Greater Demand for Primary Care Following ACA Medicaid Expansion?
Monday, August 17, 2015
Steffani Bailey, PhD
Jennifer DeVoe, MD, DPhil
Oregon Health Sciences University Family Medicine and OCHIN together undertook a three-year study called “Community Health Center Use after Oregon’s Randomized Medicaid Experiment.” The results, explained below, suggest a possible increase in the demand for primary care service following ACA insurance expansion.
In the wake of Affordable Care Act (ACA) Medicaid expansion comes a debate as to whether or not community health centers (CHC) will experience increased demand for services. Many predict that ACA expansion will lead to higher demands in CHCs, while others postulate that individuals who gain insurance will seek care elsewhere. To better understand how use of CHC services might change, researchers from OHSU Family Medicine and OCHIN studied primary care use over a three-year period among a population of low-income adult CHC patients who gained coverage after Oregon expanded its Medicaid program in 2008 through the “Oregon Experiment”.

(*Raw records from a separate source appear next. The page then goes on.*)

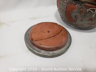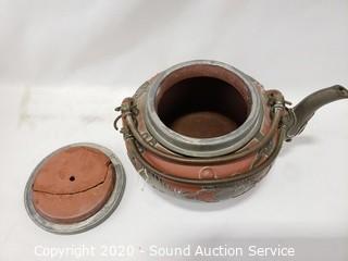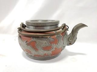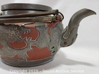 Lot #0061:     Chinese Pewter & Pottery Teapot w/Copper Planters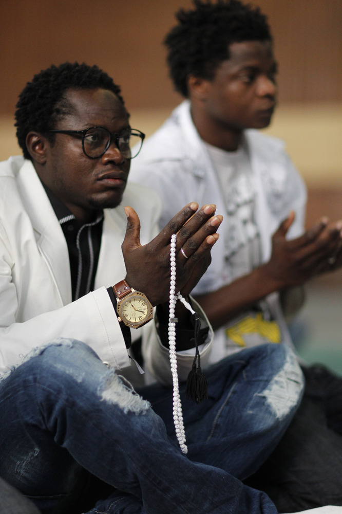 Muslim immigrants living in Greece offer Eid al-Adha prayers inside a venue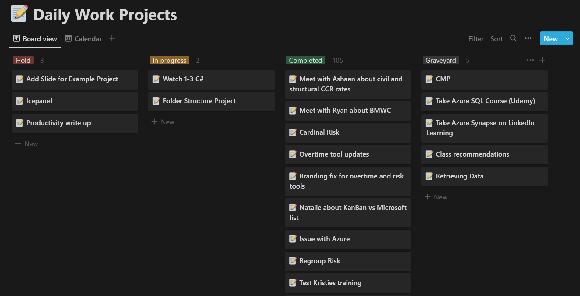 I track my day-to-day tasks in a note-taking app called Notion. I like using Notion because I love KanBan boards. Now, this is technically in a Project folder if we are still following the PARA system.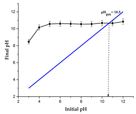 Over the broad pH range of 3–12, the surface charge of the nat-HA adsorbent was examined. Based on Figure 4, the pHPZC of nat-HA was determined to be 10.5.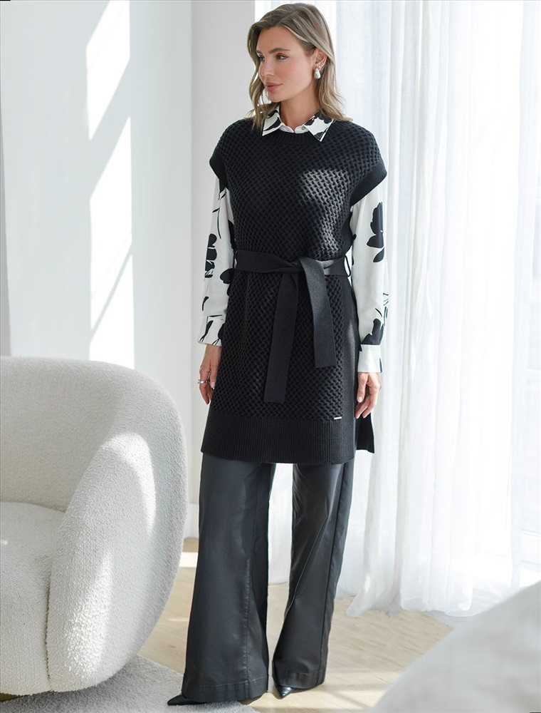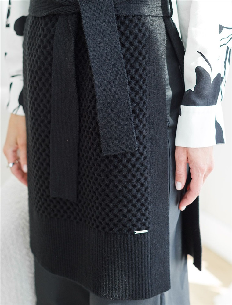 Удлиненный жилет выполнен из мягкой пряжи с кашемиром. Модель фактурной вязки дополнена высокими боковыми разрезами и поясом в тон изделия. Хорошо сочетается водолазками, лонгсливами и блузками. Мягкая пряжа очень приятная к телу, поддержит комфорт на протяжении всего дня, при этом не перегревая. Сочетается в костюме с брюками D38.013, D38.012 и юбкой D36.016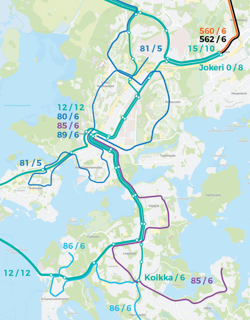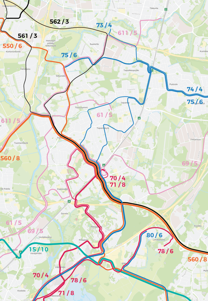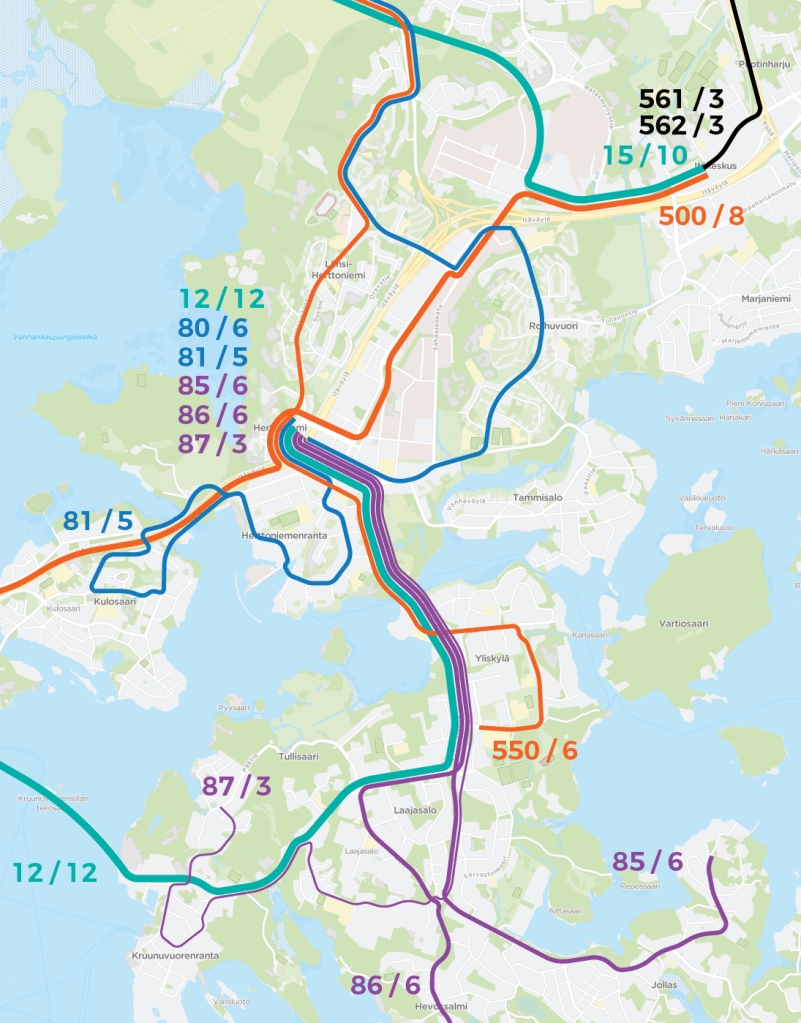 - Nykyinen linjapari 561/562 Itäkeskuksesta, jonka numeron olen kartoissani vaihtanut uudeksi 560-linjaksi

Researchers analyzed data on 34,849 patients, 13,219 of whom had recently obtained insurance coverage through Medicaid, and 21,630 of whom remained uninsured. Results of the analysis showed that Medicaid coverage significantly increased the rate of primary care visits, laboratory tests, referrals and imaging. Specifically, researchers found the number of primary care office visits per month was 282 per 1,000 Medicaid-covered patients, compared with 201 for patients without coverage.
Beyond primary care, Medicaid coverage also led to a 58 percent higher rate of referrals, 27 percent higher rate of laboratory tests, and a 33 percent higher diagnostic imaging rate. This increase in appropriate specialty care use is promising because it suggests that, as CHC patients gain insurance via the ACA, they will be able to access much-needed services that had been difficult to obtain while uninsured.
The findings of this study echo what many on the ground are already experiencing: ACA insurance expansion will lead to higher demand for services from CHCs and other primary care settings. Primary care is the first line of defense in managing – and preventing – disease, and it is especially critical to those who are newly insured and have previously experienced limited access to health care services. CHCs and other primary care clinics are already proving that increased access to care and continuity of care are improving patient outcomes. However, if primary care services are not able to grow at the same rate as new demands, patients who gain insurance coverage – and those who remain uninsured or under-insured – will see barriers to access.
If the United States health care system is not able to adequately provide primary care services, potential gains in population health might not be realized, and health care costs will increase unnecessarily as patients seek hospital care for primary care-treatable conditions. Thus, the authors assert that it will be important to ensure that the health care system can support increasing demands by providing more resources to CHCs and other primary care settings.